The second image, where the candles have been partially cropped, is misclassified by the DNN as a “puck.” The saliency map might provide some explanation for this classification; the disc shape being extracted is similar to that of an ice hockey puck. One of the candles is salient to the DNN, but its flame is not. This may explain the third prediction of “spindle.”

Now let’s consider the Fashion-MNIST model that we trained in Chapter 3. This was a particularly simple neural network, trained to classify very low-resolution images into one of 10 clothing types. This classifier may be basic in the world of DNN models, but it is effective at achieving its task with high model accuracy.

Cake images with the approriate saliency map.

Figure 5-7 depicts the pixels that are deemed most important (salient) by the simple model in correctly classifying a selection of images as “Trouser” and “Ankle boot.” Unlike with the previously shown saliency pictures, the saliency maps overlay the original images so that the relationship between the pixels and the images is clear. To make the images simpler, the saliency maps also show only the 10 most prevalent pixels in determining the predicted classification.

Fashion MNIST images with associated saliency ovrelayed for the target classification.

Figure 5-7 illustrates that the pixels most salient to a DNN in determining the image classification are not what we might expect. For example, it appears that the model has learned to distinguish trousers based primarily on pixels in the top and bottom rows of the image rather than, for example, the leg shape of the trousers. Similarly, particular pixels around the toes of the boots seem important to the “Ankle boot” classification. Certain clusters of pixels, once again near the edges of the images, also have unexpected relevance. Because the model has been trained to identify the easiest method to distinguish categories of clothing, it might not pick out the features that we would intuitively use to categorize clothing. Therefore, the pixels at the edges of the image might be sufficient in discriminating between the different clothing categories for the restricted Fashion-MNIST dataset.

With the concepts of an input space and saliency in mind, let’s move on to see how this all relates to the generation of adversarial input.

Perturbation Attack: Minimum Change, Maximum Impact

As you will have gathered from the previous sections, adversarial examples exploit flaws in untested areas of the input space of a DNN model, causing it to return an incorrect answer. These examples introduce a perturbation or patch that would not fool or might not even be noticed by a human.³ So, whatever alteration changes a benign image into an adversarial one, there’s a broad principle that it should result in minimum change to the data, while also maximizing the effect on the result produced by the DNN.

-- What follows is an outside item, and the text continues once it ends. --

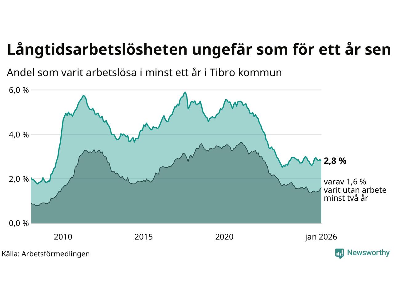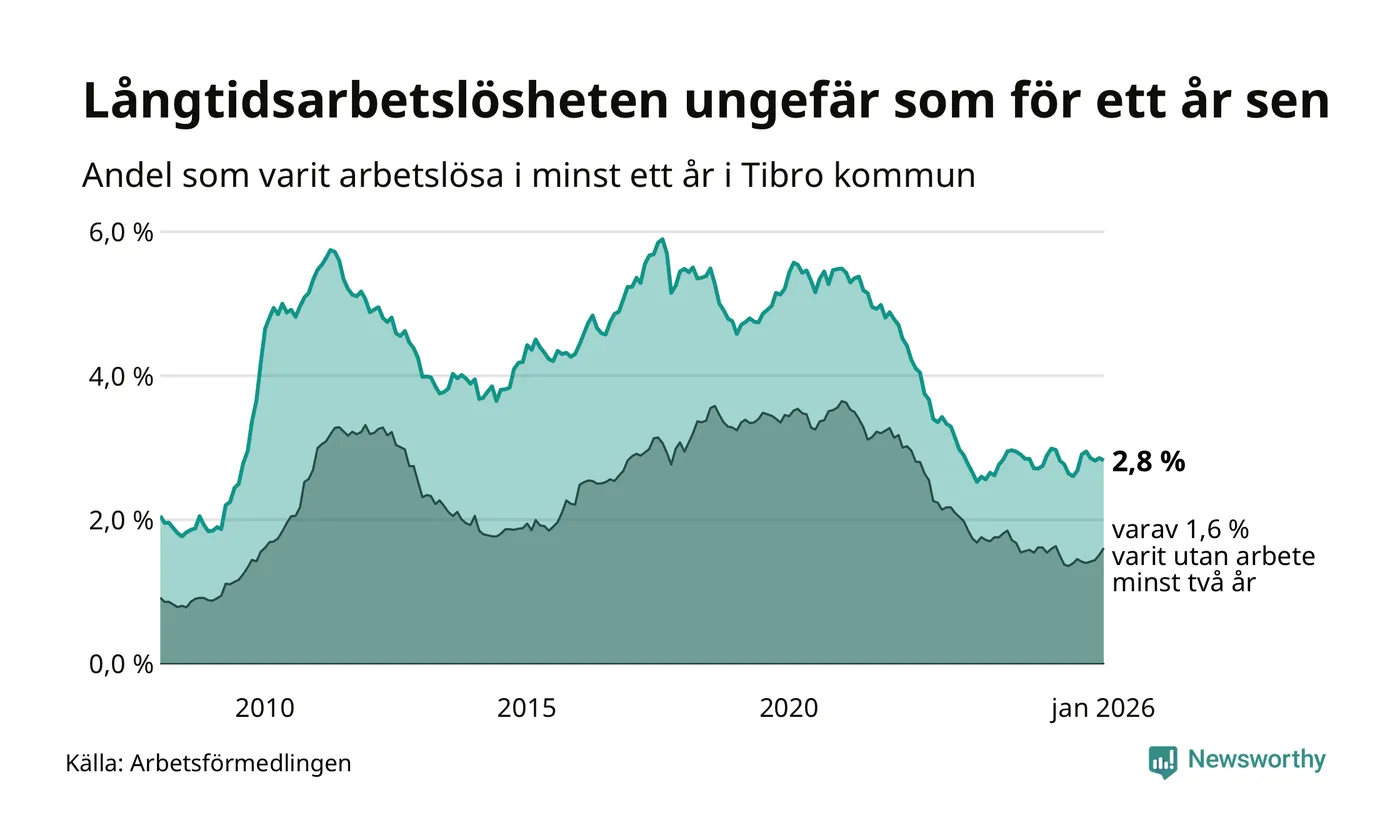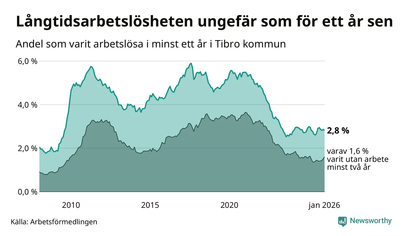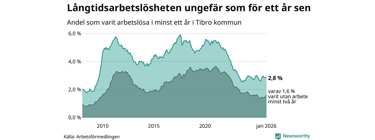 I januari hade 153 Tibrobor varit arbetslösa i minst ett år, vilket är lika många som månaden innan. 153 personer motsvarar 2,8 procent av arbetskraften i kommunen – andelen långtidsarbetslösa är ungefär på samma nivå som för ett år sedan.

Let’s begin by considering the challenge of adding some perturbation—perhaps changing a few salient pixels, or changing many pixels very slightly—to our Fashion-MNIST coat image, to result in a misclassification. Changing a selection of pixels in the image will shift it through the input space to another location, moving it across the landscapes depicted originally in Figure 5-2. This shift is depicted in Figure 5-8 by the arrow going from the original image position indicated by the circle to the adversarial image position indicated by the triangle.

On the one hand, the image must be changed sufficiently so that its position within the input space is no longer within the “Coat” classification area. If this is a targeted attack, there is the additional constraint that the image has moved to an area of the input space that will result in the target classification. In Figure 5-8, the changed image is now classified as “Sneaker.” Generation of adversarial perturbation therefore comes down to the challenge of which pixels will cause the most change away from the correct classification, and possibly toward a target classification.

On the other hand, any perturbation required must be minimized so that it is insignificant to the human eye. In other words, ideally the perturbation is likely to be the minimum change to the image required to move it just outside the “Coat” classification boundary or just inside the target classification boundary.⁴ There are a number of approaches; we might focus on changing a few of the pixels that are most critical for the classification change (the most salient ones), or we could change many pixels, but to such a small extent that the overall effect on the image is not noticeable.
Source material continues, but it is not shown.